In order to avoid these events being seen as the Taranto or Guernica to a future cyberspace Pearl Harbor or Hamburg, the Department of Defense must begin to consolidate its currently disjointed and redundant cyber warfare efforts. It must also join these endeavors with international, interagency, and civilian security efforts. While the current DOD Strategy elucidates five strategic goals, it lacks specificity and clarity of execution. In order to eliminate these shortcomings, the Department of Defense should set the following priorities in conjunction with civilian industry to be in place by 2020. First, the U.S. government, its allies, and the computer industry should standardize the cyber warfare lexicon. Second, the DOD should place the development of both passive and active intrusion defenses at the forefront of its research-and-development (R&D) budget. Finally, the DOD should develop a scalable offensive capability that allows it to place both state and non-state actors’ systems, infrastructure, and economic resources at immediate risk.
Standardizing the Cyber Lexicon
The need for a standardized language between the Department of Defense and its partners is readily apparent from operations in other military domains.
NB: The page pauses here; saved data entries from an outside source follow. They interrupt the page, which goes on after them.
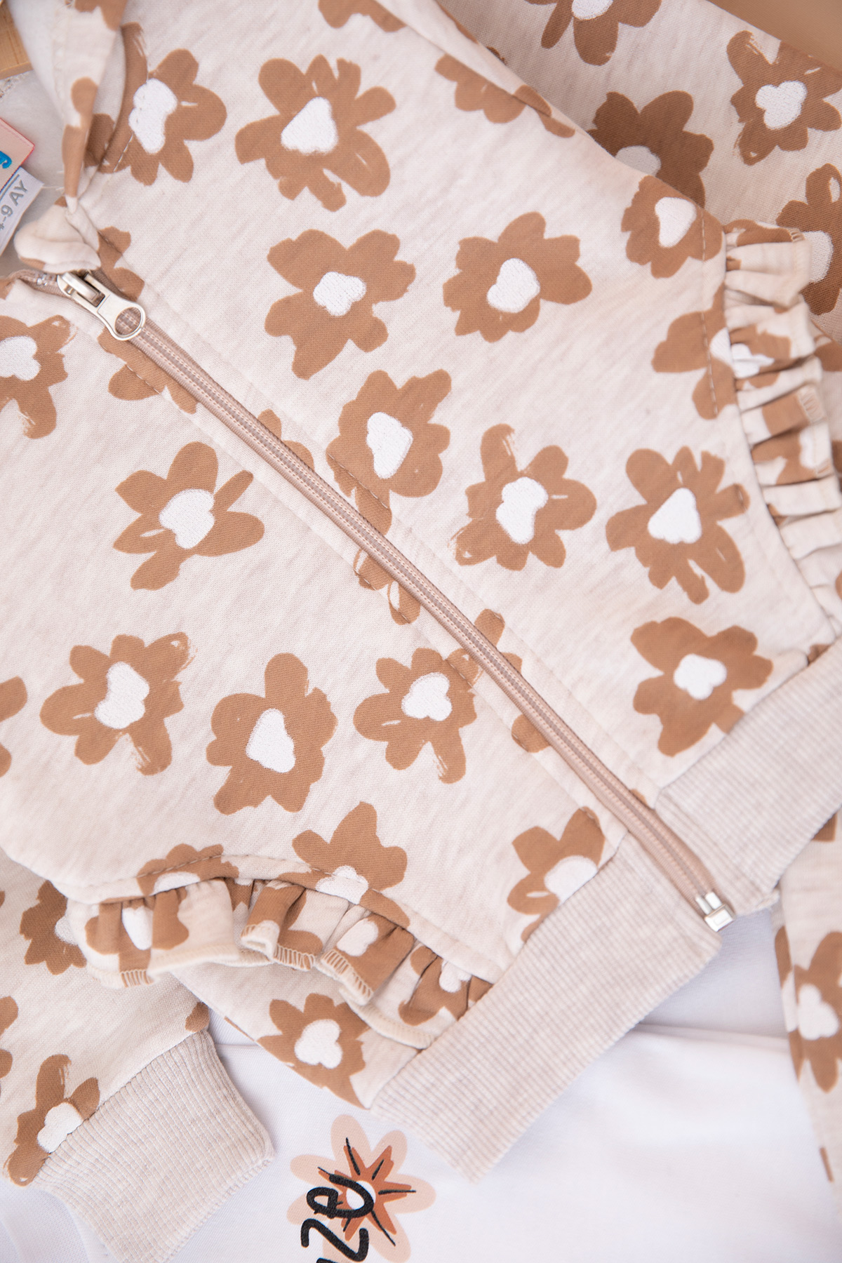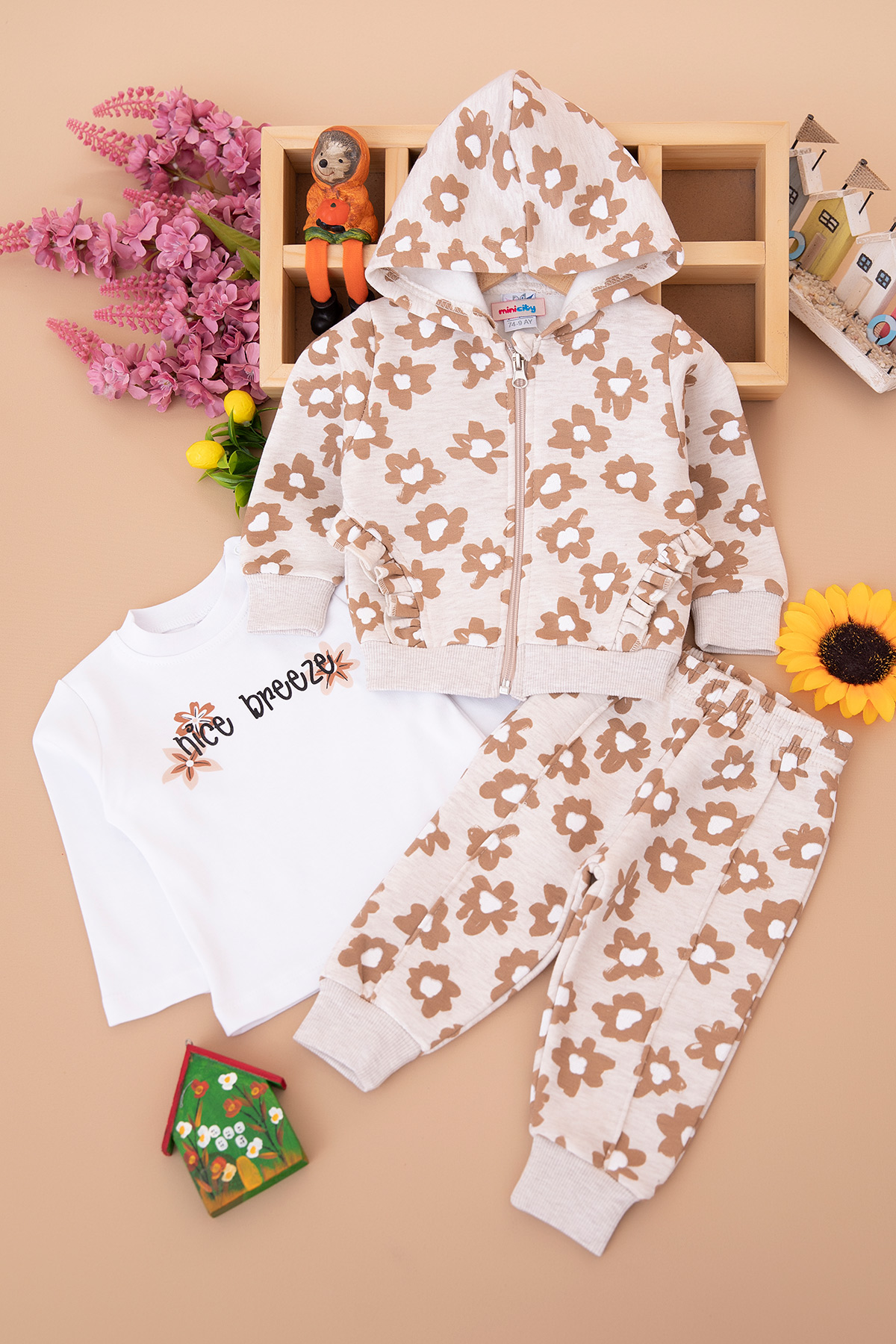 Kız Bebek Çiçek Desenli Üçlü Kapşonlu Takım -25991 (9-24 Ay)
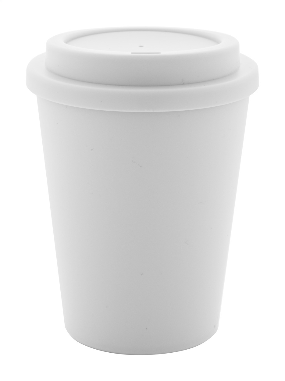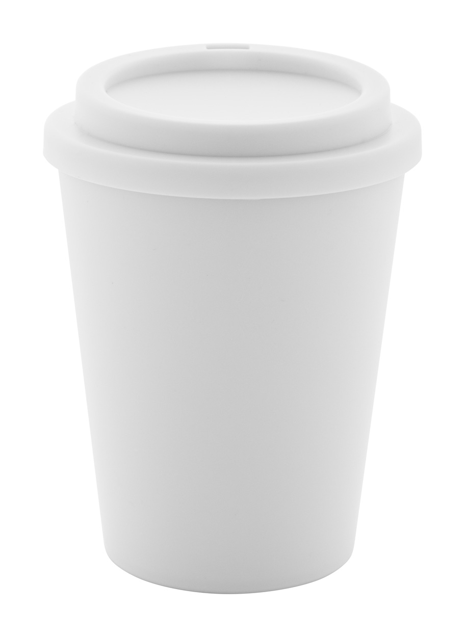 Dvoustěnný termo hrnek izolovaný PP plastem s víčkem na pití. 300 ml.
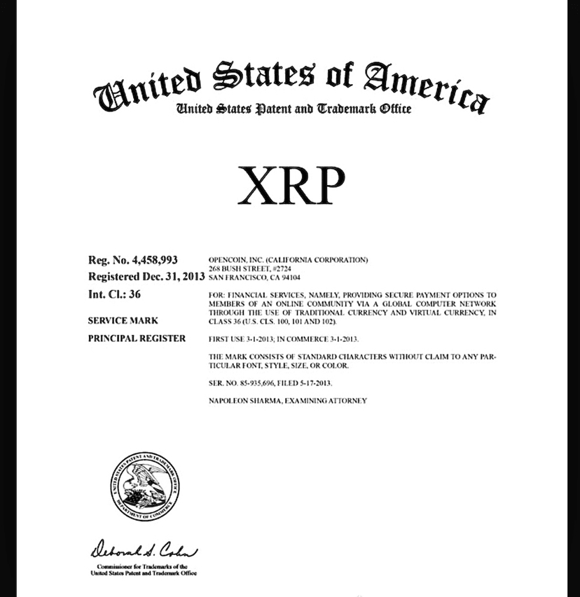 A prima vista, il design del certificato conferisce peso a tale interpretazione. Ma uno sguardo più attento rivela una storia diversa. Il documento è autentico, ma non rappresenta un brevetto governativo, né alcuna dichiarazione di XRP come valuta supportata dallo stato. Invece, riflette una registrazione di marchio depositata da Ripple nei suoi primi giorni, quando l'azienda operava sotto il nome di OpenCoin.
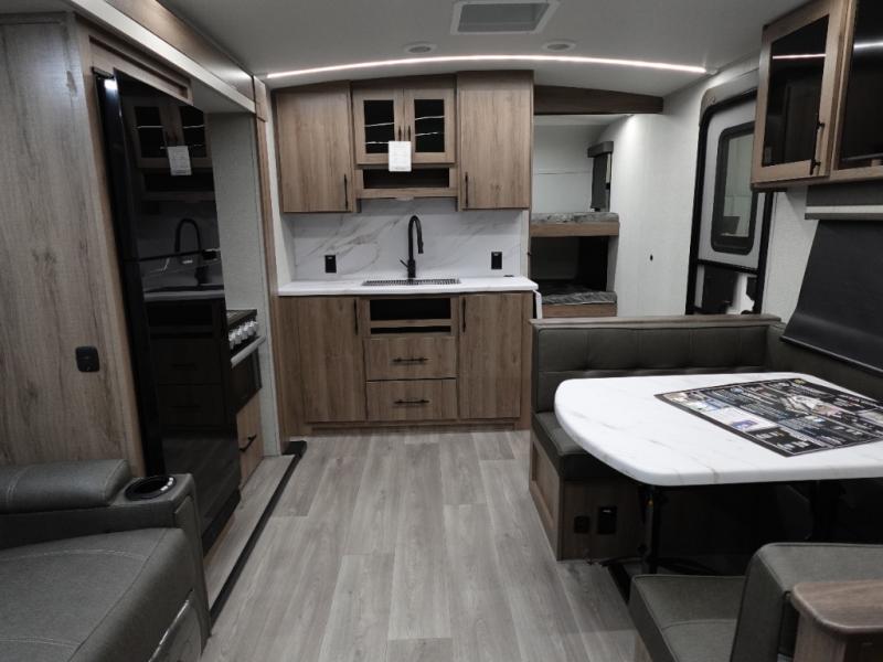 You will love this family bunkhouse trailer with dual entry/exit doors with one door leading directly into your rear private bedroom featuring a slide out queen bed, desk, and storage! A walk-through bath is also nearby for convenience and offers plenty of space being stretched across the width of the trailer. The second entry, closest to the front, leads directly into your spacious combined kitchen and living area. Here you will enjoy counter prep space for cooking, a three burner range and oven, plus overhead storage and drawers for all of your necessities. Your refrigerator is within the large slide that also houses theater seating for relaxing. A large pantry for all of your dry goods and snacks is next to the u-shaped dinette which can seat all occupants easily. In front, a private bunkhouse with a 40" x 76" top bunk and 53" x 76" bottom bunk easily sleeping three. On the outside, a spray port to rinse off feet or your furry pal, LP quick connect, and a 21' awning to provide added living space to enjoy outdoors!
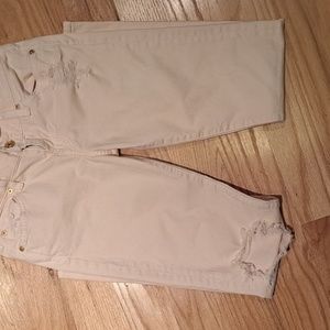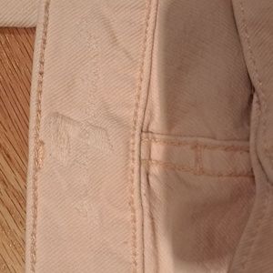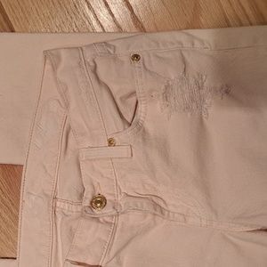 Light Pink distressed jean. Cigarette Slim cut.
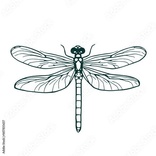 A vibrant green dragonfly vector illustration, an isolated insect with delicate wings, captures the fragility and beauty of nature in a stunning macro close-up
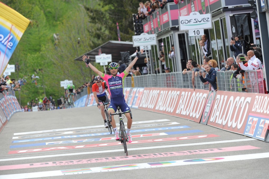 Diego Ullissi (Lampre Merida) claimed his second stage victory of the 2014 Giro d’Italia with a perfectly timed attack at the end of a gripping and hugely demanding eighth stage from Foligno to Montecopiolo.
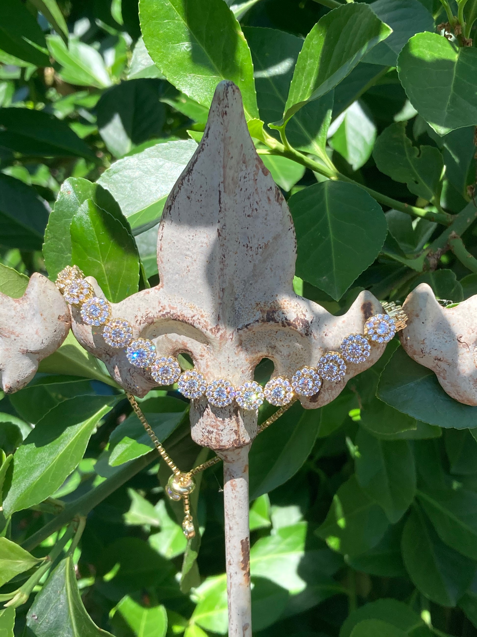 This yellow gold tone bracelet is wonderful not only because it's gorgeous, but because it's adjustable! It is set in sterling silver with a gold plating and features round CZs with a halo of smaller CZs surrounding them. This is a classic bracelet you can wear to dress up your outfit! Bracelet is 10" in length when fully extended.
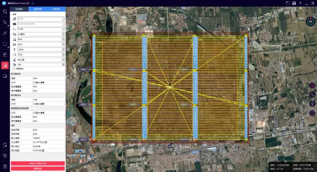随着技术及应用的发展,越来越多的大面积倾斜任务,因无人机航程及控制半径原因,需要对较大测区进行划分,无人机管家智航线中会自动对大区域进行划分同时考虑区块间的重叠度,保证效率最大化。
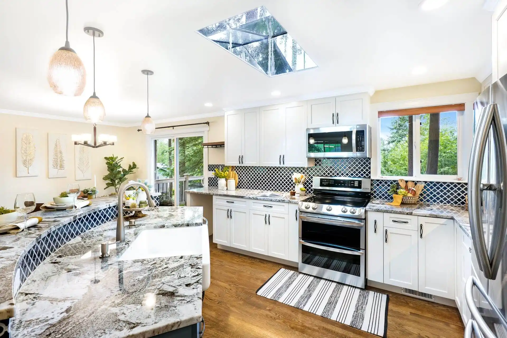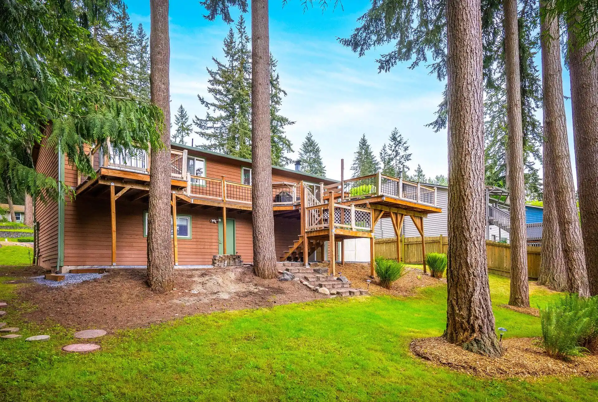 Located in a private Lake Stevens neighborhood, this exceptional home was fully remodeled in 2016 to bring you a modern and stylish take on the traditional split-level layout. A long brick paver pathway, raised garden beds, and well-appointed landscaping will lead you to the front door and into the vaulted entry. Extensive renovations begin here and continue throughout; nearly every detail has been upgraded, including stunning refinished hardwood floors, a contemporary color palette, updated bathrooms, new light fixtures, and hardware. The easy-living floorplan creates the ideal environment for hosting and invites guests to relax by the fireplace in the living room or mingle around the oversized centerpiece island as you prepare your favorite recipes in the open-concept kitchen. Designer backsplash in the kitchen will serve as the perfect backdrop for the luxury stainless steel appliances, custom cabinetry, and gorgeous granite countertops in the kitchen. Look forward to having multiple ways to entertain and relax outdoors, with an expansive upper deck that extends the entire length of the home and continues into the private yard below. Downstairs, you’ll find a freshly designed utility room and a spacious bonus room ready to be transformed into a secondary living space, a home theater, or a game room – endless possibilities! The primary bedroom awaits as your evening comes to an end, with private access to a secluded portion of the deck through glass double doors, boasts beautiful views of the mature Evergreens & lush greenery, and a contemporary ensuite with impressive updates, including a custom vanity and floor-to-ceiling custom tiles in the walk-in shower. Enjoy living near the heart of Lake Stevens, with top-rated schools, Hwy 9 & 2, shopping & restaurants, including Frontier Village and the future Costco, only moments away!
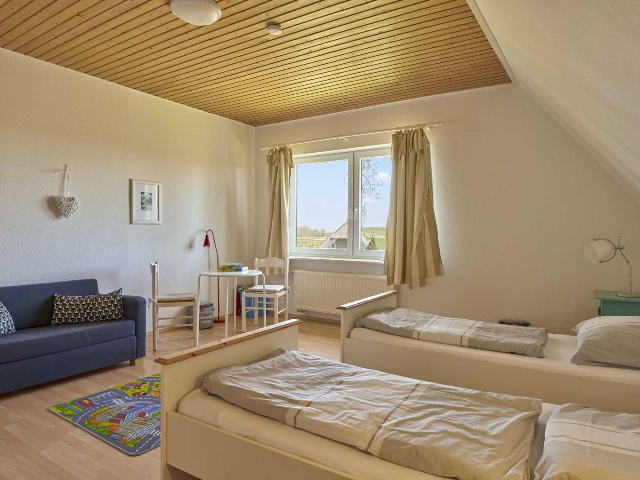 Schöne 3-Zimmer-Ferienwohnung Strandkrabbe im Haus Deichwelle - landestypisch unter Reet - mit ca. 88 m² auf 1 Ebene (OG) für bis zu 5 Personen (Wohlfühlbelegung: max. 4 Erwachsene). In ruhiger, naturnaher Lage direkt hinter dem Deich in Vollerwiek. Zur Badestelle ist es nur ein kurzer Weg zu Fuß. Ein Hund ist herzlich willkommen.
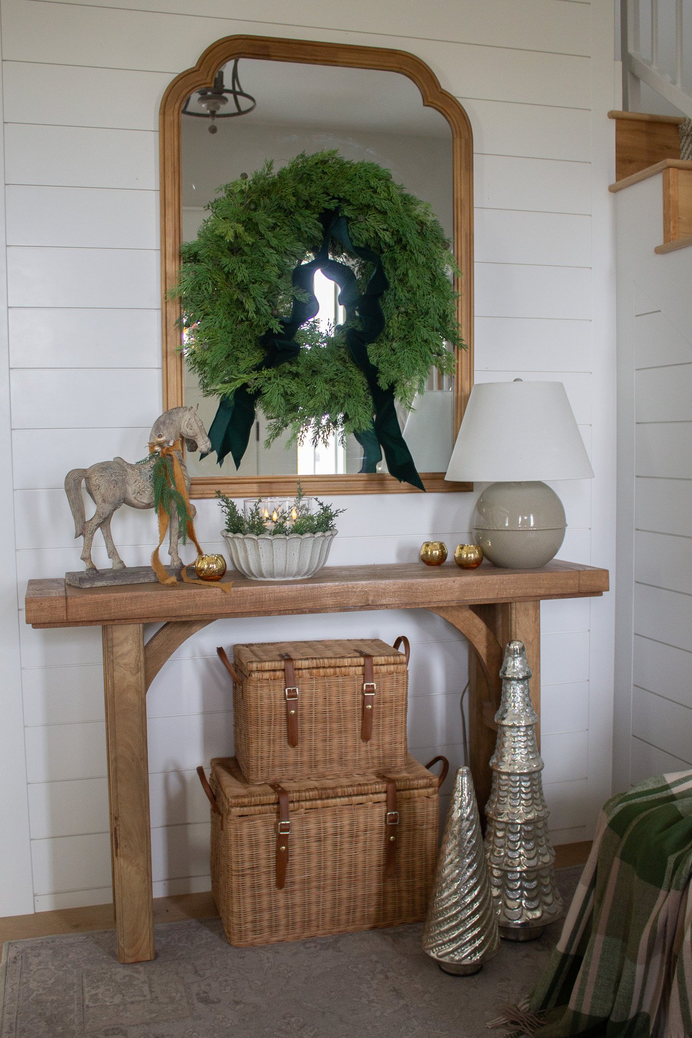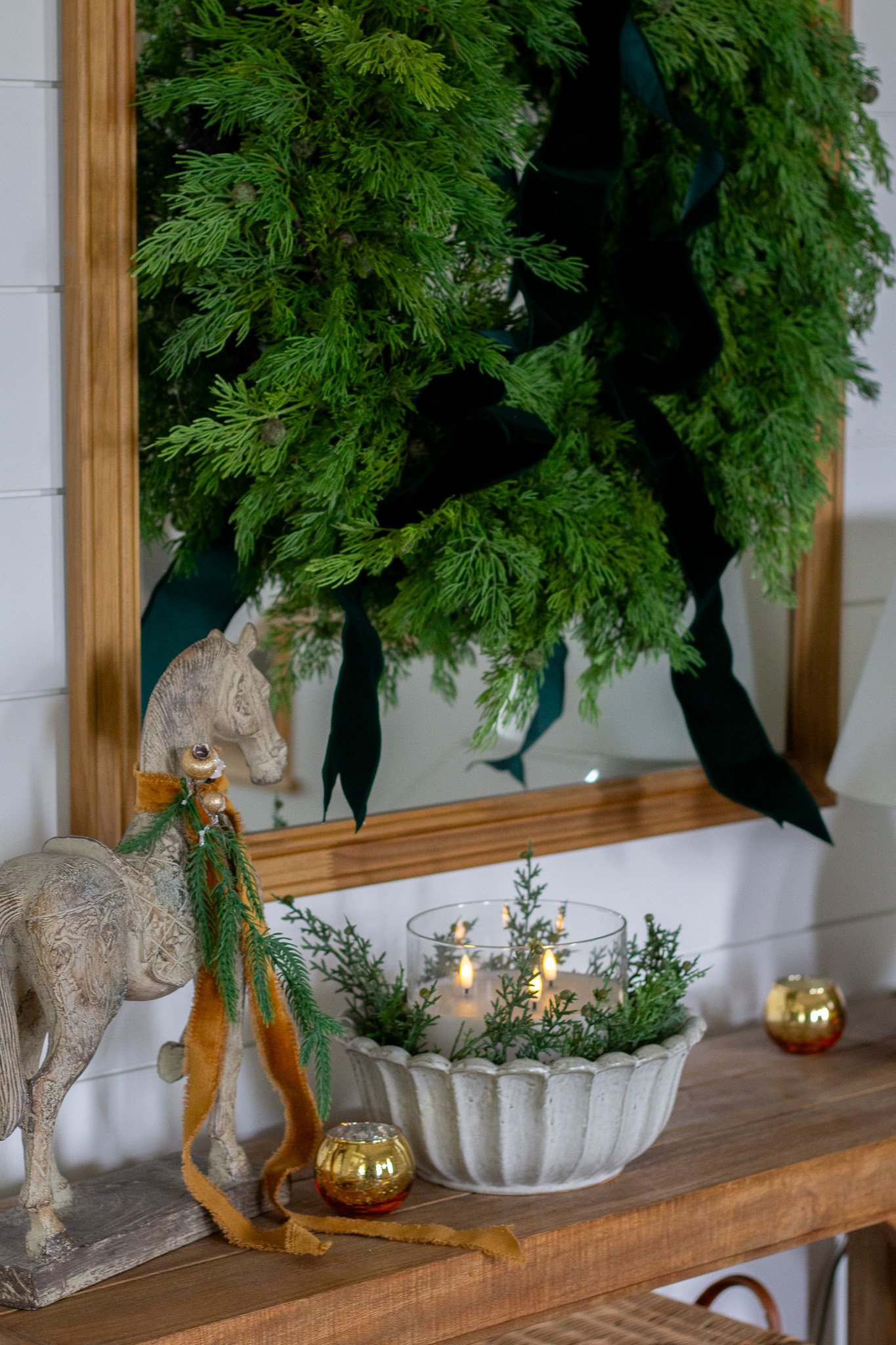 This entryway is small but always makes me smile! I added our wooden horse, this beautiful bowl from amazon (I use this all year!) and placed this flameless candle inside with some greenery around it. I also added these little gold vases all throughout our home to tie in with our gold tree. The emerald ribbon is from Hobby Lobby, it’s so pretty and looks beautiful with the wreaths! I’ll link my mirror, lamp and console here as well.
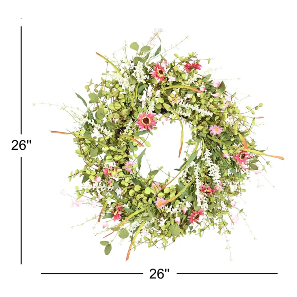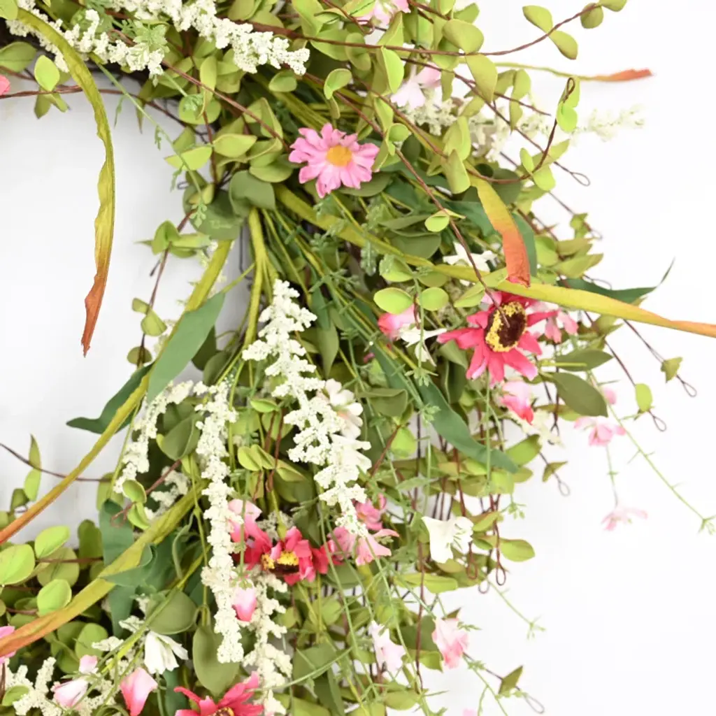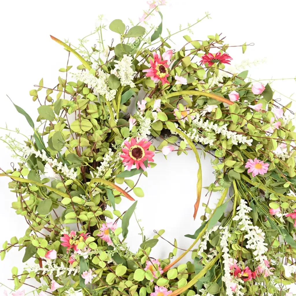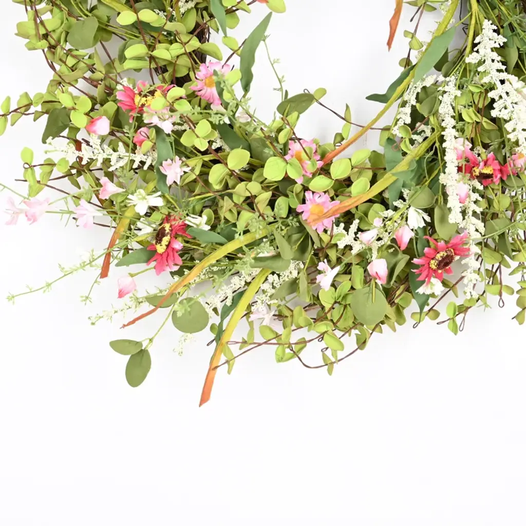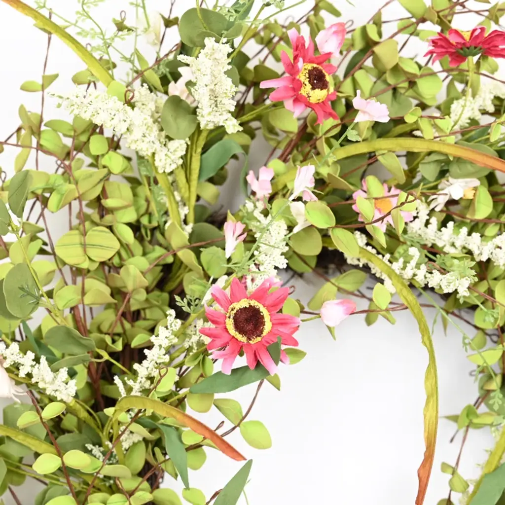 26" Artificial Farmhouse Twig Berry Blossoms Cluster Greenery Mini Eucalyptus Daisy Spring Summer Wreath For Front Door
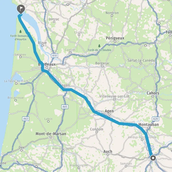 Prendre à droite et rejoindre A62. Continuer sur 33 kilomètres

Just as land, sea, and air forces require immediately recognizable acronyms and terms to easily operate in an efficient manner, cyber warfare personnel will need a language that allows them to rapidly respond to an event or threat. In addition to being encapsulated in doctrine and publications (e.g., JP1-02), cyber-specific terms need to convey specific effects/outcomes to combatant commanders and their staffs of all services. Put another way, much like the fires officer in an Army divisional tactical operations center should be able to convey his commander’s needs to a Navy aviator on a carrier strike group’s bridge, cyber staff principals should be able to quickly explain what is happening to a joint or combined network. U.S. Cyber Command (CYBERCOM), as the designated DOD agency for cyberwarfare, should be the main proponent for this task.
At the strategic level, part of this lexicon must be a common understanding as to a given cyber attack’s severity. In an era of 24-hour news and its tendency for hyperbole, a sober and objective scale to apply to each event will be critical for the proper allocation of resources and advising of senior leaders. A proposed methodology for accomplishing this is the use of a Cyber (CY) Scale that is developed and implemented through agency memoranda of understanding and/or United States Code. The following scale provides a possible framework for U.S. government use:
• CY-1: Minor intrusion compromises unclassified but possibly sensitive data or leads to payments funneled to possible non-state actors. The recent penetrations of the Office of Personnel Management or the “ransom hack” of MedStar Health’s facilities are examples.
• CY-2: An intrusion compromises major weapon systems or trade secrets, or causes moderate impact to a specific civilian economic sector. A possible scenario for such an event would be if a state or non-state actor penetrated an international bank and caused disruption to account services for 48–72 hours.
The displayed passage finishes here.